→ **What you need to do**
Task for the records below: please copy exactly, and only, the lines from the one containing "根據《關于組織構建江蘇省工業" to the last line, both included, leaving out the pictures.

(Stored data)

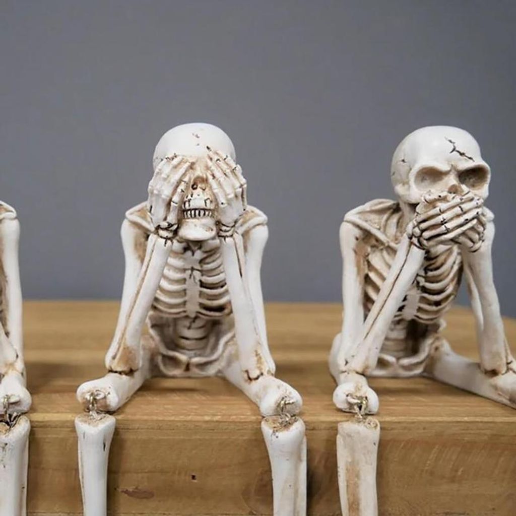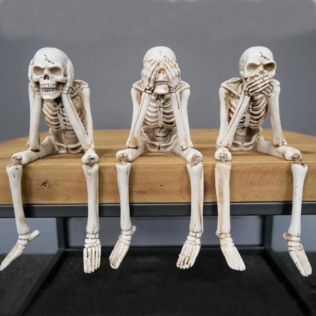 🖤 Perfectly Spooky: A playful twist on the “Three Wise Monkeys” concept—only with bones and attitude.Each one strikes a classic “No Evil” pose—covering their eyes, ears, or mouth—reminding us that sometimes silence is golden… and creepy is cool.
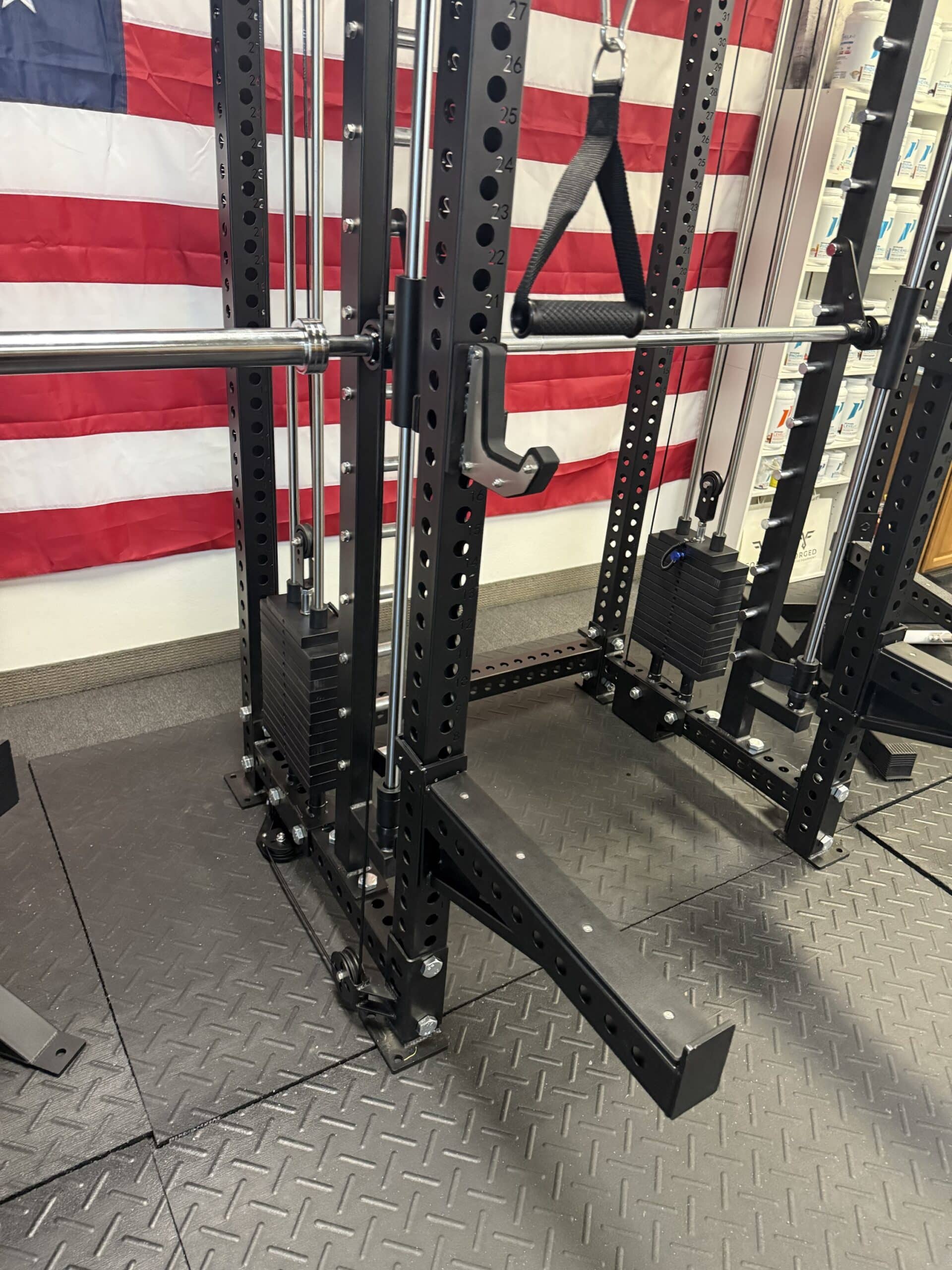 - Integrated Smith machine with a 45 lb bar
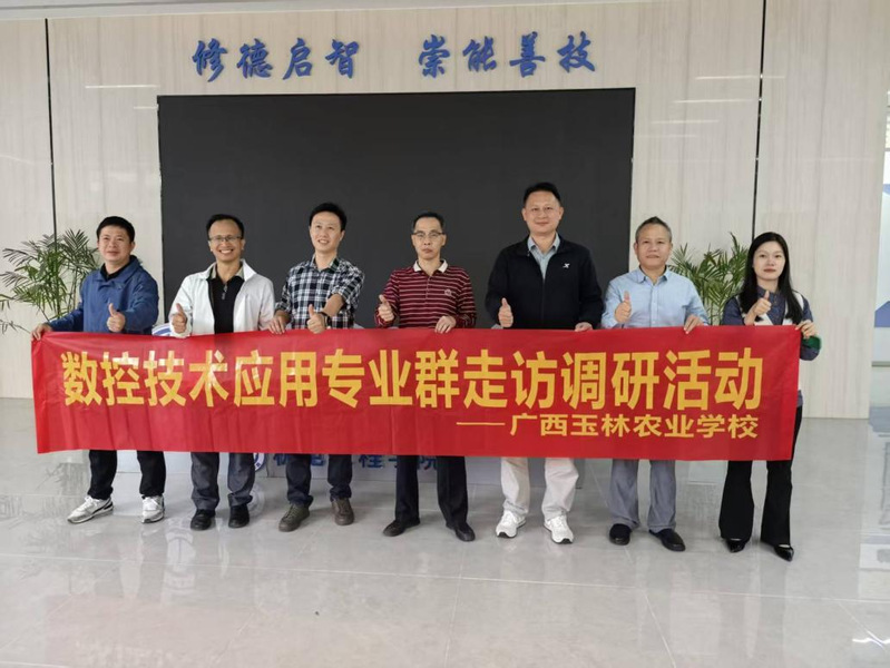 广西玉林农业学校为广西“双优计划”建设单位,为进一步提高办学水平,高质量完成“双优计划”建设任务,10月22日下午,广西玉林农业学校机械加工科副科长梁洛铭带队,就数控技术应用专业群定位、人才培养方案研制、师资队伍建设、校企合作、就业去向等方面的问题,赴bat365在线平台官网机电工程学院学习交流。机电工程学院副院长刘益标、学工办主岗林祎乔、制造自动化系系主任何显运、系副主任邱腾雄等人给予热情接待。
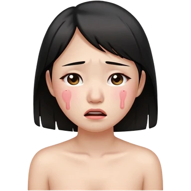 An asian girl standing naked in public crying blush emoji
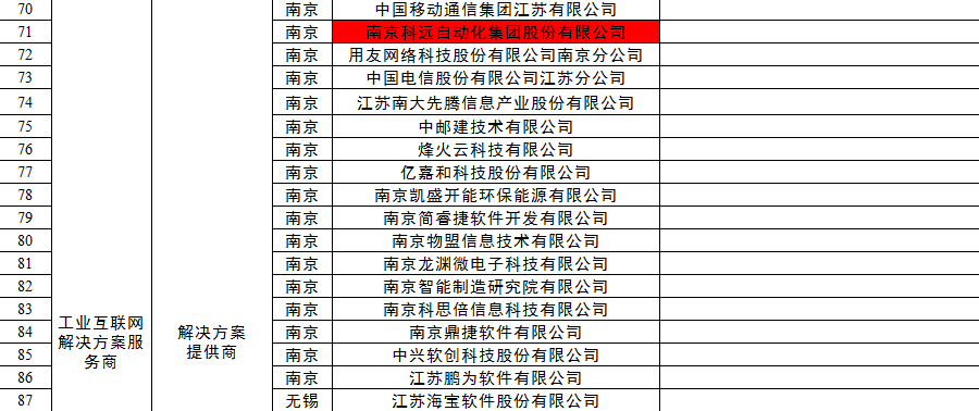 根據《關于組織構建江蘇省工業互聯網服務資源池的通知》(蘇經信企信〔2018〕223號)精神,經各地審核推薦、專家評審、實地考察等環節,科遠股份作為工業互聯網平臺服務商、工業互聯網解決方案服務商、數據采集服務商,入圍江蘇省工業互聯網服務資源池(第一批)。
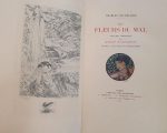 Les Fleurs du Mal. Paris, Librairie des Amateurs, Ferroud, 1910. In-4, maroquin framboise, triple filet doré gras et maigre sur les plats et le dos, doublure de même maroquin, gardes de moire, tête dorée, couverture et dos (Bernasconi).

→ **Solution for this problem**
 根據《關于組織構建江蘇省工業互聯網服務資源池的通知》(蘇經信企信〔2018〕223號)精神,經各地審核推薦、專家評審、實地考察等環節,科遠股份作為工業互聯網平臺服務商、工業互聯網解決方案服務商、數據采集服務商,入圍江蘇省工業互聯網服務資源池(第一批)。
 Les Fleurs du Mal. Paris, Librairie des Amateurs, Ferroud, 1910. In-4, maroquin framboise, triple filet doré gras et maigre sur les plats et le dos, doublure de même maroquin, gardes de moire, tête dorée, couverture et dos (Bernasconi).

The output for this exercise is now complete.